# What do I look for to tell if CableCard is properly paired?



## geodon005 (Mar 10, 2004)

I have been having the "this screen is displayed on behalf of your cable provider" screen pop up occasionally and I am fairly sure my CableCard is not properly paired. Which screen should I be looking at, and what info on it, should I use to tell me whether or not pairng is correct?


----------



## JoeKustra (Dec 7, 2012)

geodon005 said:


> I have been having the "this screen is displayed on behalf of your cable provider" screen pop up occasionally and I am fairly sure my CableCard is not properly paired. Which screen should I be looking at, and what info on it, should I use to tell me whether or not pairng is correct?


Who is your cable provider? Is it a Motorola or SA card?


----------



## geodon005 (Mar 10, 2004)

JoeKustra said:


> Who is your cable provider? Is it a Motorola or SA card?


My provider is WOW! . . . and I think the card is SA (but don't want to pull it out to check)


----------



## worachj (Oct 14, 2006)

What to look for:
https://support.tivo.com/articles/T...ooting-Roamio-Series-and-Premiere-Series-DVRs


----------



## JoeKustra (Dec 7, 2012)

geodon005 said:


> My provider is WOW! . . . and I think the card is SA (but don't want to pull it out to check)


For a Roamio: Settings, Remote, Cable CARD & Devices, CableCARD Decoder, CableCARD Options, CableCARD Menu, CableCARD (tm) Pairing.

If the card S/N starts with MA it's a Motorola M-Card. Back one level to Network Setup. The VCTID should be non-zero. The OOB Messages should be moving when you hit Select (Refresh).
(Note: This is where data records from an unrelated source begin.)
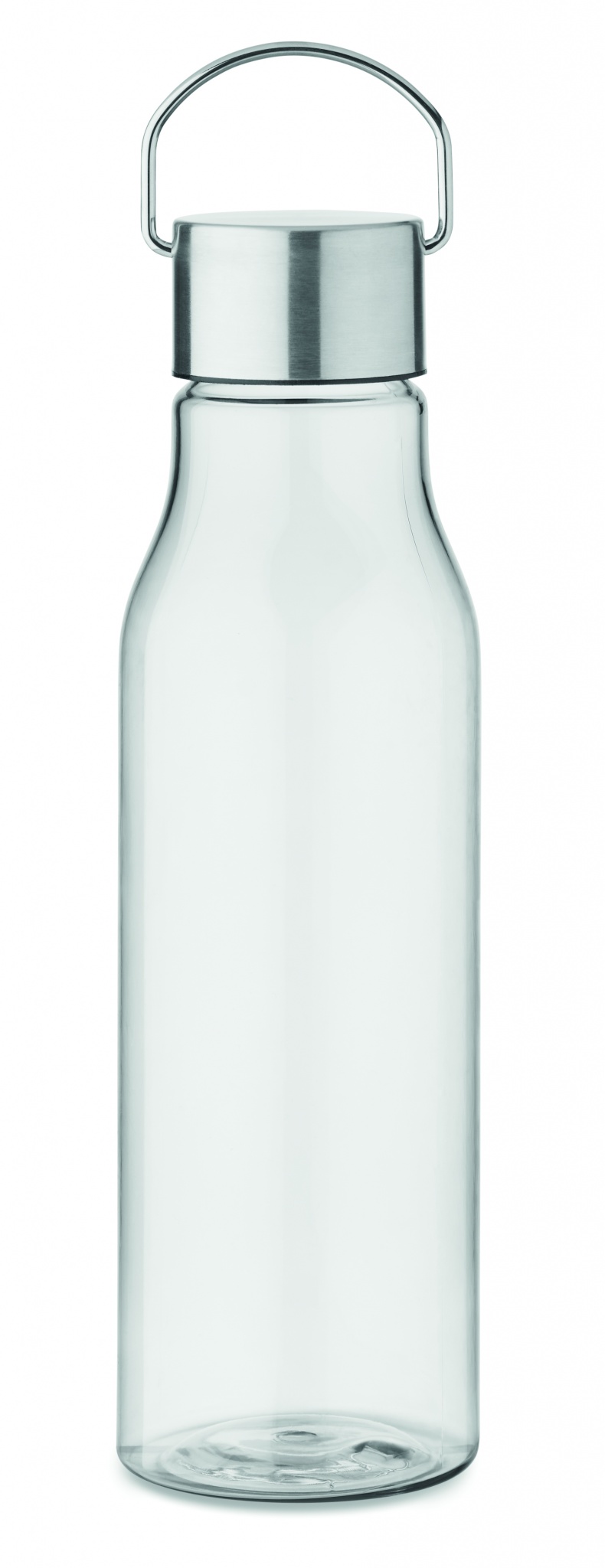 Trinkflasche aus BPA-freiem RPET. Verschluss aus Edelstahl mit Henkel. Auslaufsicher. Füllmenge: 600 ml.
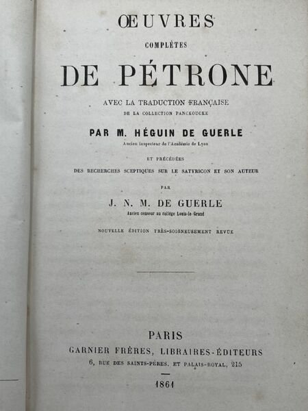 Paris Garnier 1861 Paris Garnier 1861, In-12 relié demi percaline bleue, xlv + 395 pages. Avec la traduction française de la collection Panckoucke par M. Héguin de Guerle et précédées des recherches sceptiques sur le Satyricon et son auteur par JN.M. de Guerle. Bon état.
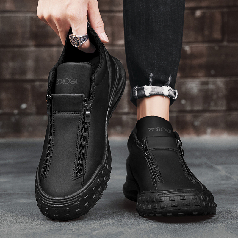 无鞋带男鞋秋季一脚蹬男士休闲皮鞋上班工作防水防滑运动劳保潮鞋

If it's a SA card things will be different. "Properly" Paired? If the VCT ID is wrong for your headend then it could be paired but you could have the wrong Channel List.


----------



## windracer (Jan 3, 2003)

On my SA/Cisco cards, under the "CP Info" menu in the CableCARD settings, I look for an "Auth Status" of "CP Auth Received."


----------



## rainwater (Sep 21, 2004)

TiVo's support website will show you exactly what to look for depending on your TiVo and brand of cablecard.


----------